I Would Say That Wouldn’t I?



Mentoring matters.

Okay, so its how I earn much of my living. Guilty as charged. But even I use mentors. They’re the best investment I make in my practice.

It is perhaps easy to make the argument for mentoring less-experienced folk, and especially those who might be struggling a bit. However, even the most successful will benefit from mentors. “Yeah. Nah?” Take a look at whom Tony Robbins mentors. No seriously, go and take a look. It’s some list.

Mentoring matters because it will help you to improve your performance. Done correctly, you should see improvements in how well work and life are integrated, enjoy greater success and get more out of life.

Mentoring should help you to develop improved competences and skills, removing constraints that hold you back.

A mentor should help you to enjoy both work and life more fully.

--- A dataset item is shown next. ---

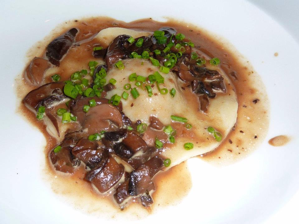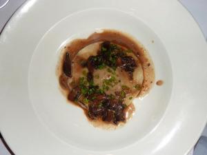 I was surprised that a pasta course was scheduled for so late in the evening and I was feeling a little on the fuller side by this stage so was a little daunted. But an elegant single ravioli was presented – White Rocks Veal Shin Ravioli, Wild Mushroom Creme and Truffle Oil with a Seppelt’s St Peters Shiraz 2007 from Grampians in Victoria. There was a strong mushroomy flavour to this dish (unsurprising given the menu description I suppose 🙂 ). The meat in the ravioli was delicious, but I found the pasta a little on the chewy side which was slightly disappointing. I thought they were right on size wise with this course though.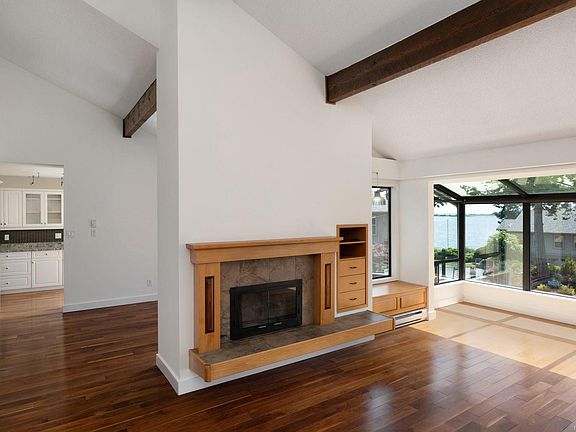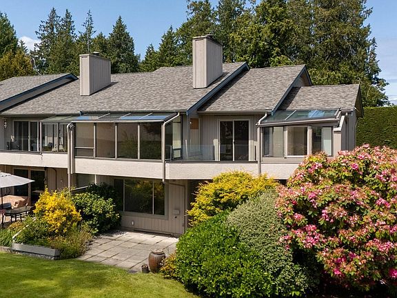 Welcome to Turgoose Point Estates—an oceanside gem offering stunning views, private beach access & lush manicured gardens. This updated 3BD/3BA, 1935 sq ft end-unit townhome boasts panoramic ocean vistas while remaining sheltered from cool sea breezes—ideal for morning coffee on the balcony. Inside, enjoy a beautifully remodelled galley kitchen w/ granite counters, s/s appliances, glass tile backsplash & cozy breakfast nook. Natural light floods the home, enhanced by hardwood floors, 15' vaulted ceilings & a charming wood-burning fireplace. Updated baths add a modern touch. Step onto the sunny patio surrounded by vibrant year-round blooms. The attached 2-car garage provides ample storage. Located minutes to Sidney, BC Ferries, airport & Victoria. Stroll to shops, dining, Lochside Trail & Panorama Rec Centre. A perfect blend of serenity, nature & luxury—vacant & ready for immediate possession. Move in today & start living your coastal dream!

Chiefly, they should help you to bring a more explicit focus to both elements of your life. Concentration such as this increases certainty and diminishes anxiety. Focus further brings satisfaction in life and work, with an increased sense of being ‘centred’ or belonging, as it reduces work and life ambiguities.

Mentoring is also rewarding. It confers improved returns on investments in your work and social life (Stephen Covey’s emotional bank account).

The best mentors should be non-judgmental friends who hold you to account, walking with you to find the very best version of yourself, promoting success.